A Swift DSL for gluing Apple's MPSCNN into something usable
Forge wraps Apple's verbose Metal Performance Shaders CNN API with a chainable Swift syntax and some missing layers.

What it does
Forge is a helper library that sits on top of Apple’s MPSCNN framework, offering conversion utilities between Metal’s 16-bit float textures and Swift [Float] arrays, plus a domain-specific language for defining neural networks. It also fills in gaps that MPSCNN left open—custom layers like depth-wise convolution, preprocessing kernels for color operations, and debugging tools for inspecting MTLTexture contents.
The interesting bit
The -> operator chaining is the real sell: you can pipe an Input() through Resize, Convolution, MaxPooling, and Dense layers in a single readable expression, which the README demonstrates with a side-by-side MNIST example showing the DSL version against raw MPSCNN boilerplate. The author also notes that hand-rolled Metal networks remain faster than Core ML, even if Core ML made this toolkit largely unnecessary.
Key highlights
- Chainable Swift DSL (
input --> Convolution(...) --> Softmax()) - Custom layers: depth-wise convolution, transpose channels, deconvolution (marked “coming soon”)

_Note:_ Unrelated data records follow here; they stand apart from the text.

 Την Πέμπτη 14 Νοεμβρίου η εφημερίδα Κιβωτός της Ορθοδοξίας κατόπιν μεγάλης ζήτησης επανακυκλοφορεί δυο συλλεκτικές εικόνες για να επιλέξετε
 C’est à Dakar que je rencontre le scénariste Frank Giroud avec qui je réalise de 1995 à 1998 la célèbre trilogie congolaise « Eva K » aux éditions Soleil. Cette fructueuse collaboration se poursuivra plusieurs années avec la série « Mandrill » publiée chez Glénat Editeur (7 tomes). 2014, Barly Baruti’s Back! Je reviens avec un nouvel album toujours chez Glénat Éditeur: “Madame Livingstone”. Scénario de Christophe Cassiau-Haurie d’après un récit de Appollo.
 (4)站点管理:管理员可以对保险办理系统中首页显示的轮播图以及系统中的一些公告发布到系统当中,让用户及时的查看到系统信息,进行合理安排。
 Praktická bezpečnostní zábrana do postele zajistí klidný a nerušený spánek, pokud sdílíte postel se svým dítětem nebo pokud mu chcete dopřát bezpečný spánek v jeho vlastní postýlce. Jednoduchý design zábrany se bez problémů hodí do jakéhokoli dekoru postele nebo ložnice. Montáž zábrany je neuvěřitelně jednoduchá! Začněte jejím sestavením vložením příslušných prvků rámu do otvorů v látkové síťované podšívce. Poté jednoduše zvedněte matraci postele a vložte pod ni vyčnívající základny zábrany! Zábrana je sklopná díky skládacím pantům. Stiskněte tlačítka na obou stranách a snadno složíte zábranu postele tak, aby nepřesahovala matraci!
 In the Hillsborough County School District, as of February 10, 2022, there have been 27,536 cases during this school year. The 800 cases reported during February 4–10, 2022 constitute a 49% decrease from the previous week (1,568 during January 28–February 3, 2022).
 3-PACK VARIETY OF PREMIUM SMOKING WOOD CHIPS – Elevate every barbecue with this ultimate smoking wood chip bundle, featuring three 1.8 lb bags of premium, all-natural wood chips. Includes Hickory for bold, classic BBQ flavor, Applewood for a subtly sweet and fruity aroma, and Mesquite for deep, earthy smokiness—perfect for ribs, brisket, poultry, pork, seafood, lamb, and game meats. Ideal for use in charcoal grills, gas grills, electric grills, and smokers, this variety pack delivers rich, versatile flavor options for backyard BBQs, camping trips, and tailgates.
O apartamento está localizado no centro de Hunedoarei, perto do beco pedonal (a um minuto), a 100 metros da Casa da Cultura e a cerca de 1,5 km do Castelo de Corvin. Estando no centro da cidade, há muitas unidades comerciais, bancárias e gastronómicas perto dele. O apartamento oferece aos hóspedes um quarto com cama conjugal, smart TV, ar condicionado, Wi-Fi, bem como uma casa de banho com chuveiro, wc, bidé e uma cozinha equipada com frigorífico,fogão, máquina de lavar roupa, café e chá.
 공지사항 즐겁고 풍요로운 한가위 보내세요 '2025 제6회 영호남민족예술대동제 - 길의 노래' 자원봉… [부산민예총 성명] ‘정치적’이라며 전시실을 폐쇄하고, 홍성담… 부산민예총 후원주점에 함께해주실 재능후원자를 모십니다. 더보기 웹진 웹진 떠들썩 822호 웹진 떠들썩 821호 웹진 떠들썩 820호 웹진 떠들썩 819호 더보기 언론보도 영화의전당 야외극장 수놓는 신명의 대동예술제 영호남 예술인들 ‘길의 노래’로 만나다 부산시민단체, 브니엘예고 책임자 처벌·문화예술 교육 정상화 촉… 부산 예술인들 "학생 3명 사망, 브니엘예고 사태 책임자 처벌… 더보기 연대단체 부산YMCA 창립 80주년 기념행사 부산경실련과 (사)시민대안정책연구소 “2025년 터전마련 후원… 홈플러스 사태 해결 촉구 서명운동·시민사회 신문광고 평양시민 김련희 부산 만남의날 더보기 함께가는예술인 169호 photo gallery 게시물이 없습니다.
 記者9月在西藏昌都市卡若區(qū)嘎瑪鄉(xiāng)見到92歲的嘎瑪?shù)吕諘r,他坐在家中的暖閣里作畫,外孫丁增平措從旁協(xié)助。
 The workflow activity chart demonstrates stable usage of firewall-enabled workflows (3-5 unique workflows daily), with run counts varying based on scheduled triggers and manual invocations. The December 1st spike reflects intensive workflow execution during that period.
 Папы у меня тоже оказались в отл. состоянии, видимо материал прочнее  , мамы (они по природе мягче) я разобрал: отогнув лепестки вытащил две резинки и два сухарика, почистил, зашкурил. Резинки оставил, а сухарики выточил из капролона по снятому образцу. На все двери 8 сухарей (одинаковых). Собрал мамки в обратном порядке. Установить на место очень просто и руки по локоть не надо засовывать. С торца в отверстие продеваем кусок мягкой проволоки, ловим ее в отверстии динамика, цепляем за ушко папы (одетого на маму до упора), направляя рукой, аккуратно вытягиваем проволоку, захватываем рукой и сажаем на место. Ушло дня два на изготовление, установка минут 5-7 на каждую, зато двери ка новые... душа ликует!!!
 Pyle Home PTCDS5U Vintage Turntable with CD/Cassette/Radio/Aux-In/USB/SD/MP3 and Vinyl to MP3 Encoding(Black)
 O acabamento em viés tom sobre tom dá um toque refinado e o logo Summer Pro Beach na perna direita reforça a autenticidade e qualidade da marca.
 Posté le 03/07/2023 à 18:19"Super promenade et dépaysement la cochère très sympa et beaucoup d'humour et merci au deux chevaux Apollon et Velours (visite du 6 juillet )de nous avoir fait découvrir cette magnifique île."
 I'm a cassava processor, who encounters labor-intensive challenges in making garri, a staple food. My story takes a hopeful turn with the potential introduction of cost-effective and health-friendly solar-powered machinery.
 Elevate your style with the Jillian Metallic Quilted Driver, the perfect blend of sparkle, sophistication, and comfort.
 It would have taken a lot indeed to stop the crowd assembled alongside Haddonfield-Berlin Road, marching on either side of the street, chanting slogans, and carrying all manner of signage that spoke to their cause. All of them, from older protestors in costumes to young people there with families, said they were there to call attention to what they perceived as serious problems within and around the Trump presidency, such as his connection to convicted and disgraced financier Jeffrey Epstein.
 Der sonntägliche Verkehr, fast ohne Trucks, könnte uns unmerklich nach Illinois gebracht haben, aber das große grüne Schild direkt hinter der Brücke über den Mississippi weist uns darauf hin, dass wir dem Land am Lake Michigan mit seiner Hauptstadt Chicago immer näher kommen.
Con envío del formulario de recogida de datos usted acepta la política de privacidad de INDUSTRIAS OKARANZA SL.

- Preprocessing kernels: subtract mean color, RGB→gray, RGB→BGR
- Example apps included: MNIST (LeNet-5), Inception-v3, Tiny YOLO, MobileNets (20 FPS on iPhone 6s)
- Requires Xcode 9, iOS 10+, and a physical A8+ device—simulator builds fail because Metal
Caveats
- Unmaintained: author explicitly stopped development; uses an older MPSCNN API Apple no longer supports
- Experimental: README warns “a lot of the code… is still experimental and subject to change”
- iOS 11 gaps: does not use batch normalization parameter loading or MPS data-source weight loading
- Deconvolution promised as “coming soon” with no delivery date visible
Verdict
Worth studying if you’re maintaining legacy iOS Metal inference code or want to see how a DSL can tame Apple’s low-level GPU APIs. Skip it for new projects—Core ML exists, and the author himself points to his newer library for current MobileNet/SSD work.